At least two reviewers I've read call Geraldine
Brooks' writing "magic." Perhaps that’s why "historical
fiction" seems too restrictive to describe the four novels of hers that I
have read.
She applies her magic to historical truths with
amazing characters who find their ways through real history, not some academic
recitation of it, nor just a bow to something distant. Her success comes by
letting the reader be as close to that history as possible. To me the real magic
comes from her extensive research and clever use of words and even sentence
structure as they probably were used in the times she is telling. Here’s an
example:
…He could tell
such tales: of Barbary seamen who wrapped their copper-colored faces in turbans
of rich indigo; of a Musalman merchant who kept four wives all veiled so that
each moved about with just one eye peeking from her shroud. He had gone to
London at the end of his apprenticeship, for the return and restoration of King
Charles II had created prosperity among all manner of trades… (Year of Wonders)
People of the
Book was the first of Brooks’ books I read, and I
was hooked. Next came her Pulitzer prize-winning March, an amazing work that overlays a Civil War-era tale with the
denouement of Little Women, if you
can imagine.
Then I read Caleb’s Crossing with its vivid descriptives and beautiful story line set in the early days of Massachusetts Colony, and how a young Indian brave became the first of his people to graduate from Harvard College.

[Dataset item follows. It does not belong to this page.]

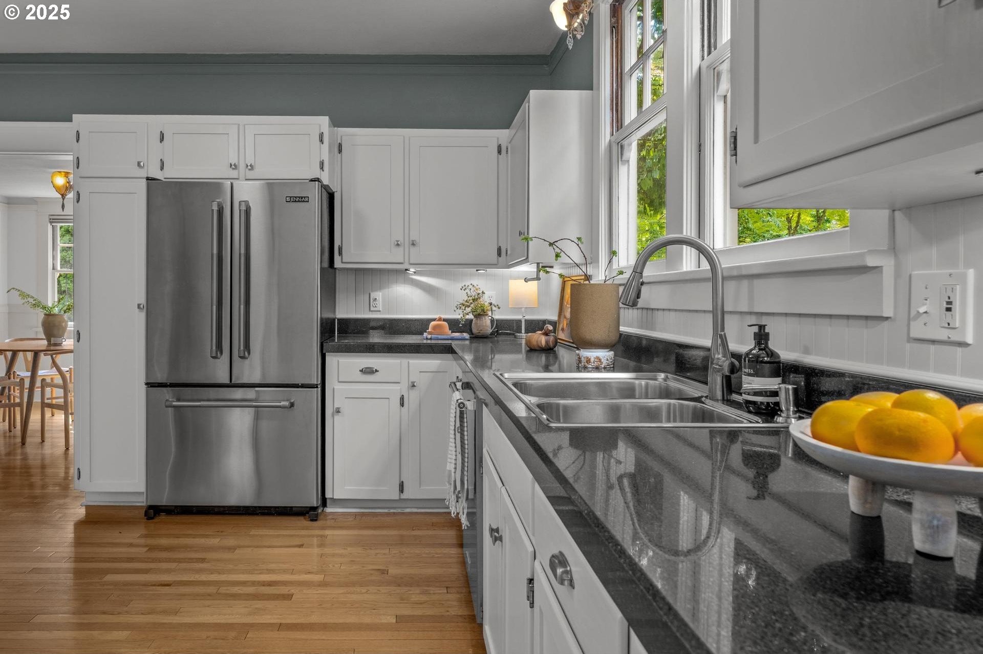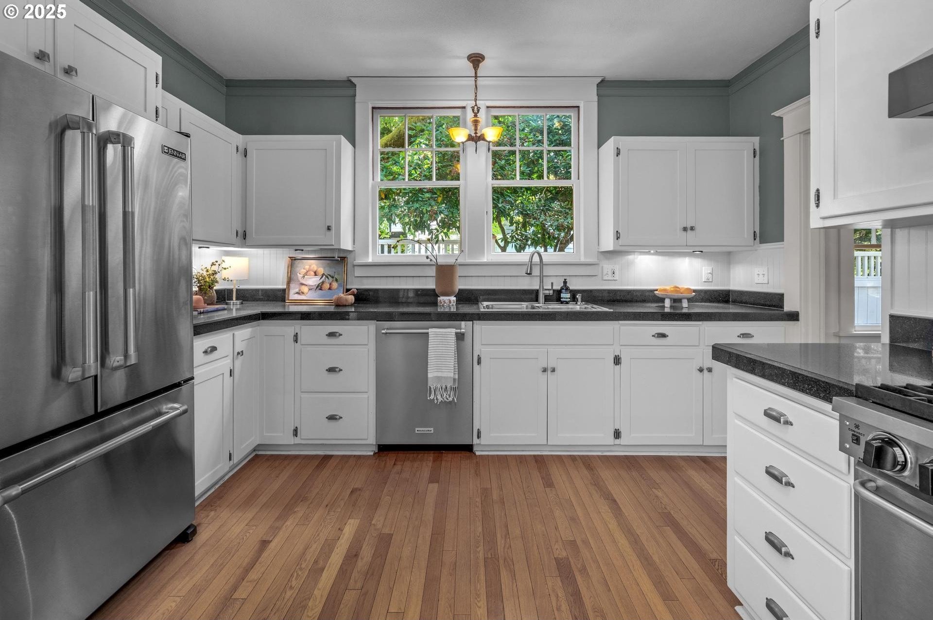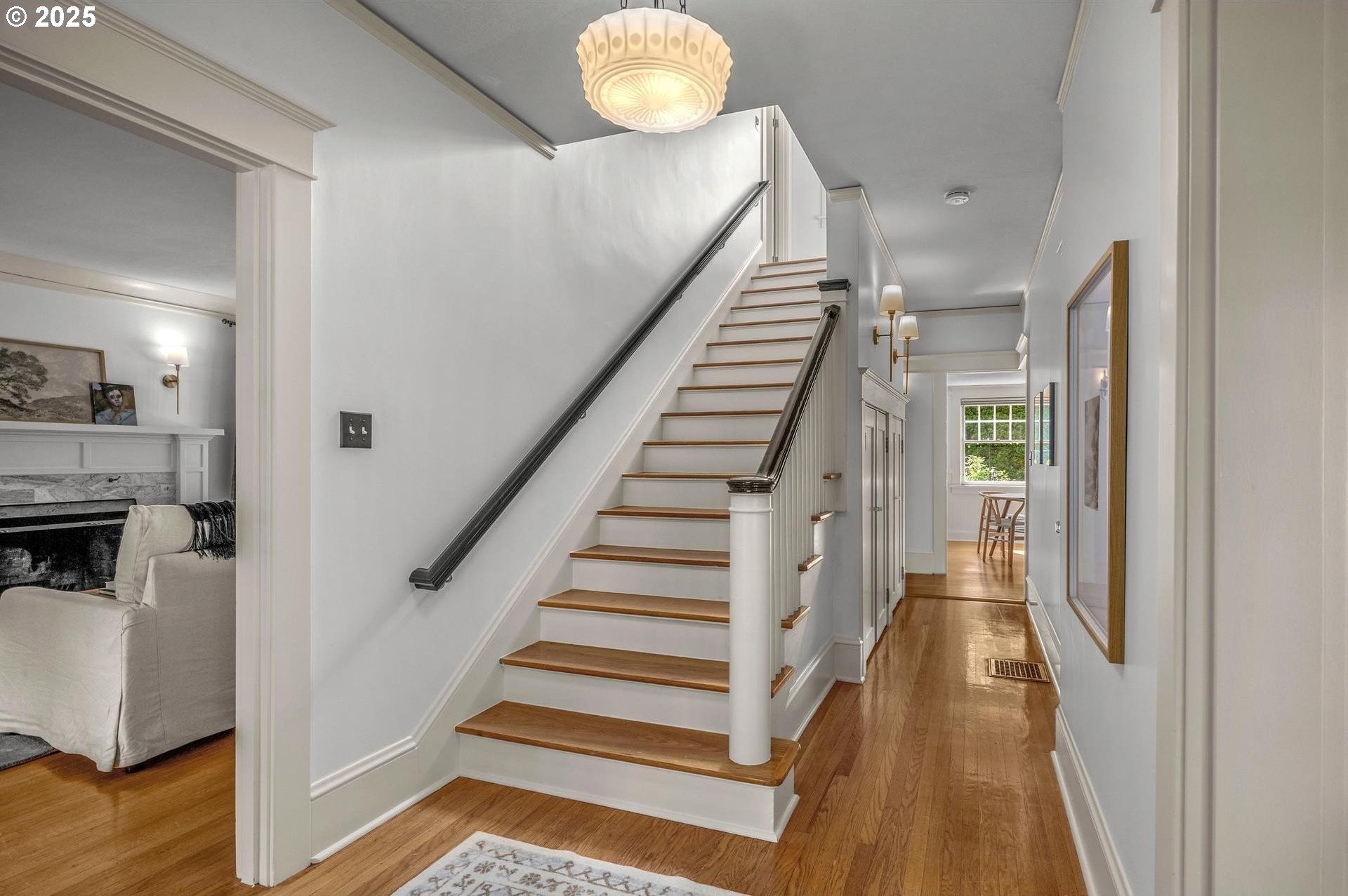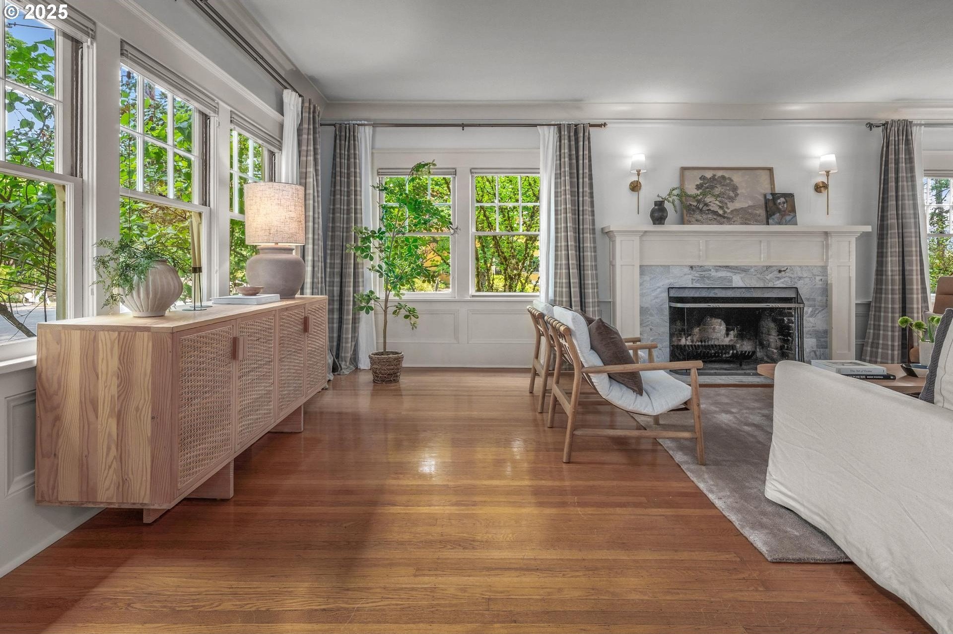 Situated on an extraordinary corner lot in the coveted Laurelhurst neighborhood, this house oozes curb appeal. Walk up the front steps and through the front door and you won't be disappointed. You'll immediately notice the abundant natural light streaming through large multi-pane windows, highlighting original architectural details and rich hardwood floors. A spacious main level offers versatility: host dinner parties in the elegant dining room, enjoy quiet evenings by the fireplace, or flow easily into casual family spaces that connect seamlessly to the outdoors. Upstairs, generously sized bedrooms provide comfort and privacy, with thoughtful touches that make each room feel like a retreat. The timeless character continues with classic trim work, and beautiful lighting, unique to the time period the house was built. Outdoors, mature landscaping surrounds brick patios, a custom playhouse, and curated garden spaces, creating a private sanctuary for entertaining or unwinding. A built-in gas fire pit invites year-round gatherings, while tucked-away corners of the yard offer peaceful spots for play, gardening, or simply sipping your morning coffee in the sunshine. Located just blocks from beloved neighborhood parks, highly regarded schools, and a vibrant selection of local shops and restaurants, it embodies the perfect balance of historic architecture and everyday livability.*Google maps currently not showing correct house. [Home Energy Score = 1. HES Report at https://rpt.greenbuildingregistry.com/hes/OR10224740]

Now I've just completed Year of Wonders, a gripping, honest, and respectful work set in a 17th Century rural English village besieged by the plague. More than half the town's residents die in awful suffering. But it is a redemptive work because of Brooks' "magic," her wonderful development of Anna, a true heroine, and the amazing feeling of somehow being uplifted as a person for having taken the journey with her through and to the other side of a living hell. Year of Wonders gives a whole new dimension to the concept of "cinematic" writing. And I was there.